JOHN KNOX'S HOUSE.
After that you may visit the John Knox house if you will, and read for your edification its motto. "Lyfe God aboune al and yi nicht-bour as yi Self," and buy a book or two in its book shop. I took particular pleasure in buying a girlish picture of Mary Queen, and a book of the poems of Robert Fergusson, neither of which would have pleasured John.
After that you may look at the "I. K." in the pavement, and realize that Dr. Johnson's wish for Knox has been fulfilled—"I hope in the highway."
After that you may look on the heart stamped in the pavement near St. Giles, where once stood the Heart of Midlothian, the Old Tolbooth.

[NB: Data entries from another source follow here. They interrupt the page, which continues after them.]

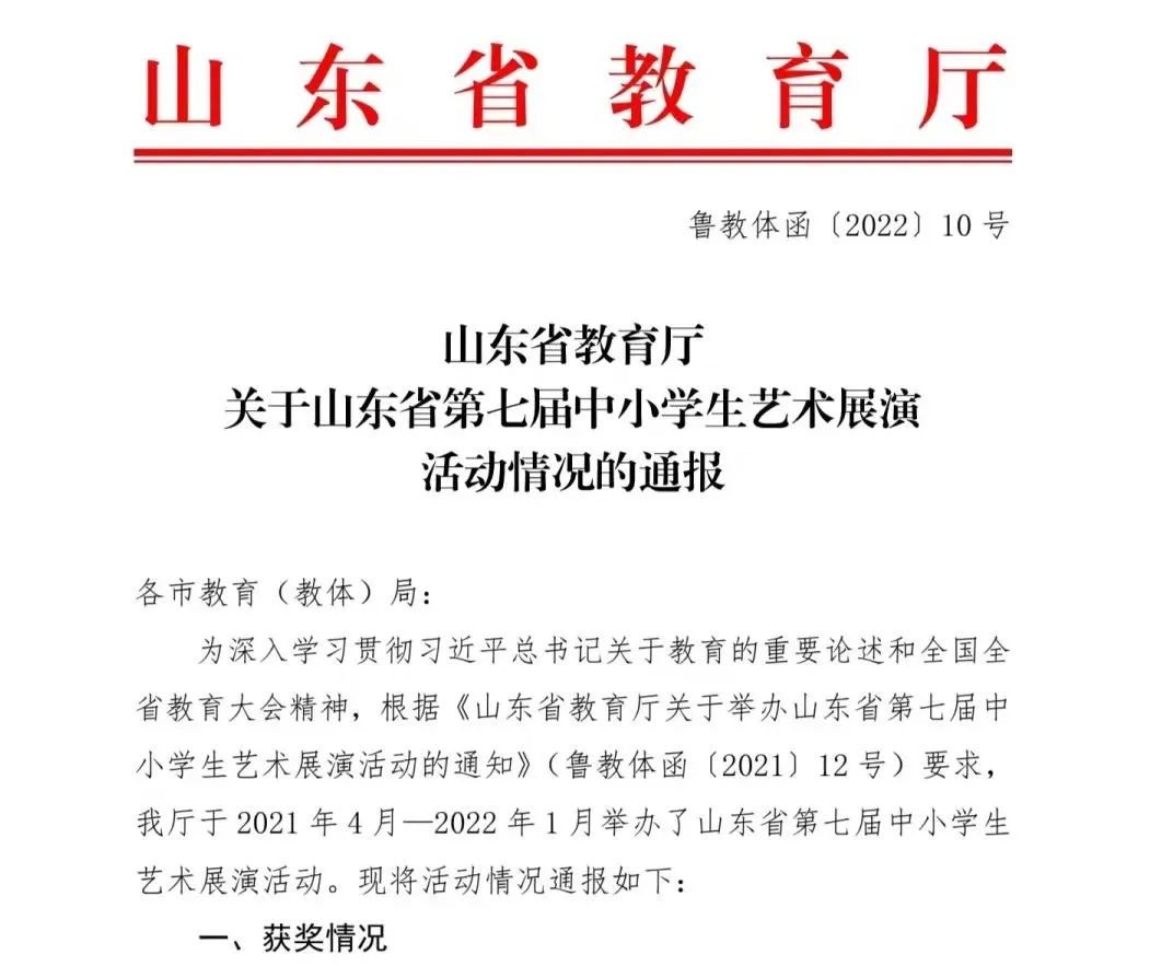 日前,省教育厅发布了《关于山东省第七届中小学生艺术展演活动情况的通报》,我市选报的第二实验小学的朗诵《永远飘扬的红头巾》、文山中学的朗诵《夏明翰的家书》、外国语学校的书法《隶书》摄影《憧憬》、柳疃镇柳疃学区小学的绘画《朱砂荷》、市教科院的美育改革创新案例《全面培养教育体系下的学校美育综合改革实践“—构建全方位美育教学模式”》获奖,获奖数量为潍坊县市最多。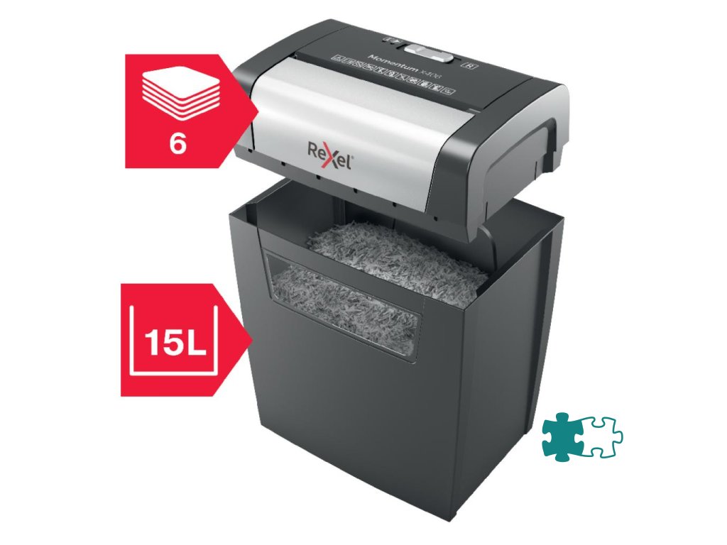 Nezastaviteľná skartovačka! Rexel Momentum X406 skartuje až 6 hárkov naraz a vydrží v nepretržitom chode 3 minúty, vhodná na použitie doma. Krížový rez na úrovni zabezpečenia P4 reže papier na malé časti s veľkosťou 4 × 28 mm. Odpadový kôš s kapacitou 15 l pojme 125 hárkov A4.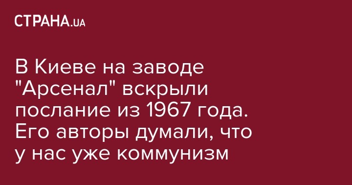 В Киеве на заводе "Арсенал" вскрыли железную "капсулу времени", которая была замурована в одной из стен в 1967 году. Послание попросили вскрыть к 100-летию Октября.
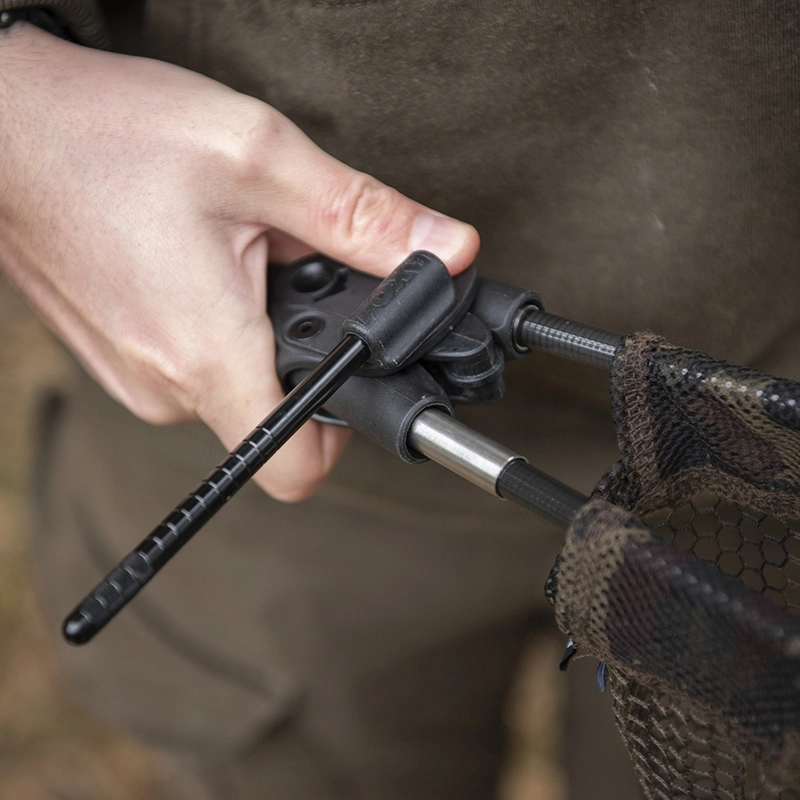 The ultimate solution for easy landing net set-up and break-down. At the heart of the design is a unique moulded, glass-filled nylon spreader block with a removable lever. The leaver is simply pushed in open the arms or pulled out to collaps them, making set-up and pack-down fast, easy, and fail-safe. The landing net arms feature magnetic arm sleeves that pull securely into the spreader block. Once in place, the lever can be operated effortlessly with one hand to lock the arms firmly into position—and just as easily reversed to collapse them. For added versatility, the lever can be screwed securely into the spreader block to create a retaining feature when used with the bankstick or storm pole retaining collar. This collar drops neatly into Fox Camlok banksticks and Storm Poles and locks securely with the cam system. The 2K carbon pole features a reduced taper design, improving flex while ensuring superb stiffness. A shrink wrap handle offers enhanced grip, and a stainless-steel pointed butt cap provides durability. The camo mesh completes the premium build, blending performance with style. Available with 42-inch arms, paired with either a 6ft one-piece pole or an 8ft two-piece pole.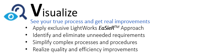 LightWorks has developed a practical and integrated approach to process improvement. Tradition methods are hard to understand and difficult to relate to your work. The EaSieRTM Approach gets results in an easy to understand and easy to apply method.

There is only one other memory of High Street and of Scotland that for me equals that of Mary. It is Montrose. Up the Canongate comes the rumbling of a tumbril, like the French Revolution. And out of the high lands there look the hundreds of Covenanting folk, triumphant for the moment. And on the balcony of Moray House, within which the marriage of Lady Mary Stewart to the Marquis of Lorne has just been celebrated, there stands the wedding party, and among them the Earl of Argyle. Up the street comes the cart. And within it clad like a bridegroom—"fyne scarlet coat to his knee, trimmed with silver galoons, lined with taffeta, roses in his shoon, and stockings of incarnet silk"—stands the Marquis of Montrose, the loyalest Scotsman that ever lived.
After the field of Kylsyth, after the field of Philipshaugh, and the flight to the North and the betrayal, he has been brought back to Edinburgh, to a swift and covenanting sentence, and to death at the Tron.
His eyes meet proudly those of Argyle who has deserted his king and who thinks to stand in with the Covenant and with the future. It is the eyes of Argyle which drop. And Montrose goes on.
His head is on the picket of the Netherbow Port. His four quarters are sent to the four corners of the kingdom, Glasgow, Perth, Aberdeen, Inverness.
But the end is not yet. The tables turn, as they turned so often in those unstable times. It is Argyle who goes to the scaffold. Charles is king, the Second Charles. There is an edict. The body of Montrose is dug up out of the Boroughmoor. It is buried in Holyrood. The four quarters are reassembled from Glasgow and Perth and Aberdeen and Inverness. A procession fairly royal moves from Holyrood to St. Giles. At the Netherbow it pauses. The head is taken down from the pike. The body of Montrose is whole again. An honourable burial takes place in the cathedral sanctuary.